Onboarding is an essential part of bringing new hires on in your organization. It’s not simply about orientation, either: onboarding should be a comprehensive process that gives new employees everything they need to succeed in their new job.

A 2007 study from The Wynhurst Group found that employees who take part in a structured onboarding program are 58% more likely to still be with their company after three years. If you put a lot of value and effort into the onboarding process, the more likely your new employees will be willing to put effort into your company for the long haul. So, how do you create your onboarding checklist that fits within your company culture and ensures success for you and your new hire? Ask yourself these questions:

1. What needs to happen before their first day?

2. What do you need to know about your new hire?

3. What do you want to share about company history and culture?

4. What tools do they need to succeed?

5. What’s the timeline?

What needs to happen before their first day?

The onboarding process should start even before a new employee walks in the door. The first items on your checklist should be do deliver any necessary information they need to be prepared for their first day, as well as what you need to do to ensure they feel welcomed.
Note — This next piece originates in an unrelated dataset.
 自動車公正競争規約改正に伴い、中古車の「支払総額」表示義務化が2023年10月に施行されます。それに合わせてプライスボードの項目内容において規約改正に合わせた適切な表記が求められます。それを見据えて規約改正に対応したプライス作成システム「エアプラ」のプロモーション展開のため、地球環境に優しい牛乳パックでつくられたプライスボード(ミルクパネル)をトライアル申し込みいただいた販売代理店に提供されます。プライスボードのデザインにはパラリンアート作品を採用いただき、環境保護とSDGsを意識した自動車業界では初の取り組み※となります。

The last thing you want is for your new employee’s first day to be full of confusion and awkward speed-bumps.

When preparing for your new hire’s first day, make sure you’ve answered these questions:

  • How do they get to the office?
  • What’s the first thing they must do when they arrive?
  • What should they bring that first day?
  • Does the company and team know they’re starting?
  • Do they have a way to welcome the new hire?
  • Does the new hire know the dress code?
  • What must you do to prepare for their arrival— such as setting up their desk, computer, and work applications such as email?
  • Do they know already where things like the restroom, copy machine, and cafeteria are located? If not, will you give a first-day tour, hand them a helpful map of the office, etc.?
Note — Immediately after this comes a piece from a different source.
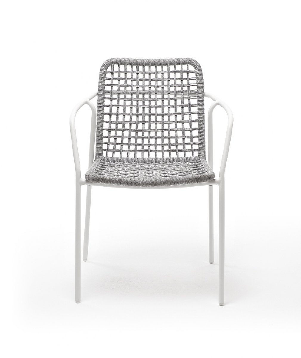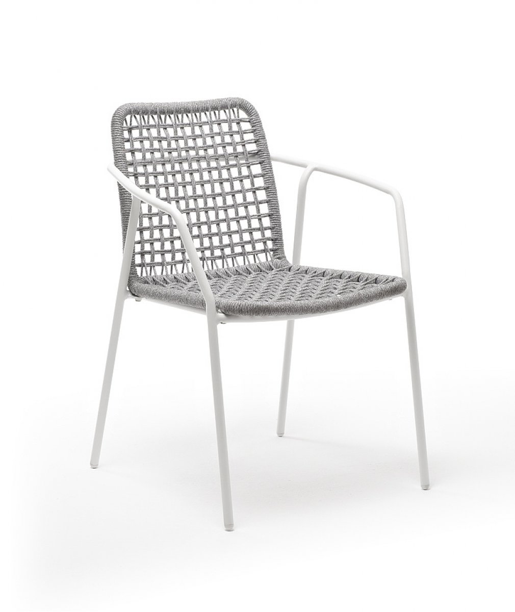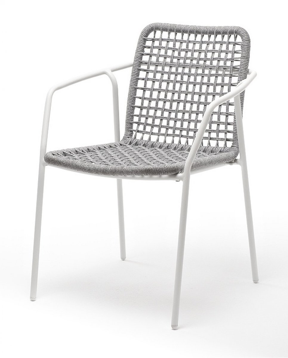 Тунис стул плетенный из роупа, каркас алюминий белый, роуп светло-серый

What do you need to know about your new hire?

Just as your new hire needs to learn about the office and company right away, you should learn about them. For example, a new employee survey can help your new hire understand the company culture, and how they can contribute to it through their own, unique voice.When getting to know your new hire, make sure you’ve answered these questions:

  • How do they prefer to be addressed? (Do they go by a nickname -- or not prefer one at all? Do they prefer their middle name, or last name? What are their pronouns?)
  • Do they know why you hired them in particular?
  • How will your team get to know them? An icebreaker exercise, or an employee survey maybe?
  • Have you set up a time or event for the team to meet the new hire?
  • How will the company get to know them?

What do you want to share about company history and culture?
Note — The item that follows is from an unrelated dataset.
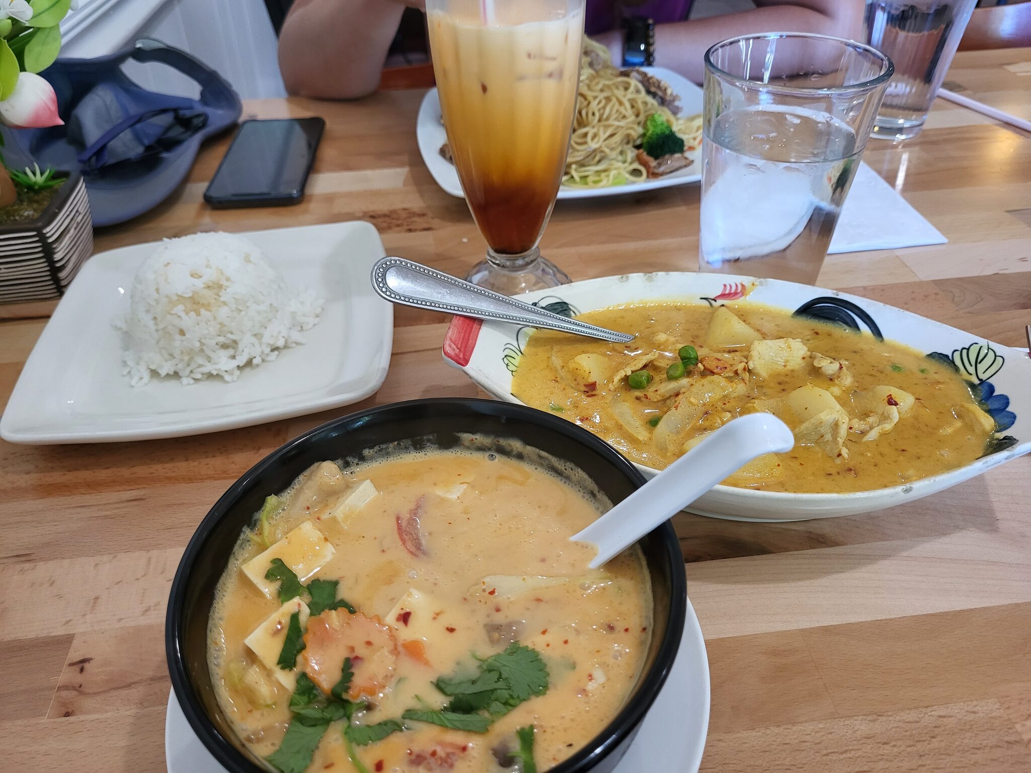 Po sprše a vyprání vyrážíme na pozdní oběd do thajské restaurace. Tom kha a yellow curry je pecka.

Determine what your new employees must know in order to fit in and thrive in the business, and make sure you share that information with them. For sharing company history and culture, make sure you’ve answered these questions:

  • What does the new hire need to know about the company’s creation and history?
  • What’s the best way to teach them?
  • Have I set aside time for both them and myself to go through that information with them?
  • What should they expect, in terms of company culture?
  • What do you encourage them to add to the culture?
  • Who, when, and how will the new hire learn about company values?

What tools do they need to succeed?

Consider what tools that you need to provide so that new hires can truly succeed at their new position. Don’t assume your new hire knows your company’s vocabulary, especially if they’re coming from another industry or career.For creating the list of tools, make sure you’ve answered these questions:

  • Do they have a go-to support person for questions? (And who do they go to if that person is out sick, etc.?)
  • Is there a vocabulary list they should familiarize themselves with?
  • Have you explained to them your company’s most important clients, investors, competitors, etc.?
  • What resources can you create for your new hire?
  • What new skills will they have to learn and how will you guide them through it?

What’s your timeline?

Some companies’ onboarding processes take a week -- some take longer. Sometimes that means the manager puts aside extensive onboarding time for a a week or two, but sometimes that means one-on-ones every few months. Your process can last up to a year. For creating the timeline, make sure you’ve answered these questions:

  • How often will you meet with the new hire that first week? Will they see you regularly for onboarding, or just on the first day?
  • Will you meet them regularly after that? One-on-ones can be key to good management; even more so for onboarding.
  • How often will your employee receive check-ins? Once a week? Once a month?
  • Have you figured out that schedule with them?
  • How can you help your new employee set goals, and how will you and they track progress?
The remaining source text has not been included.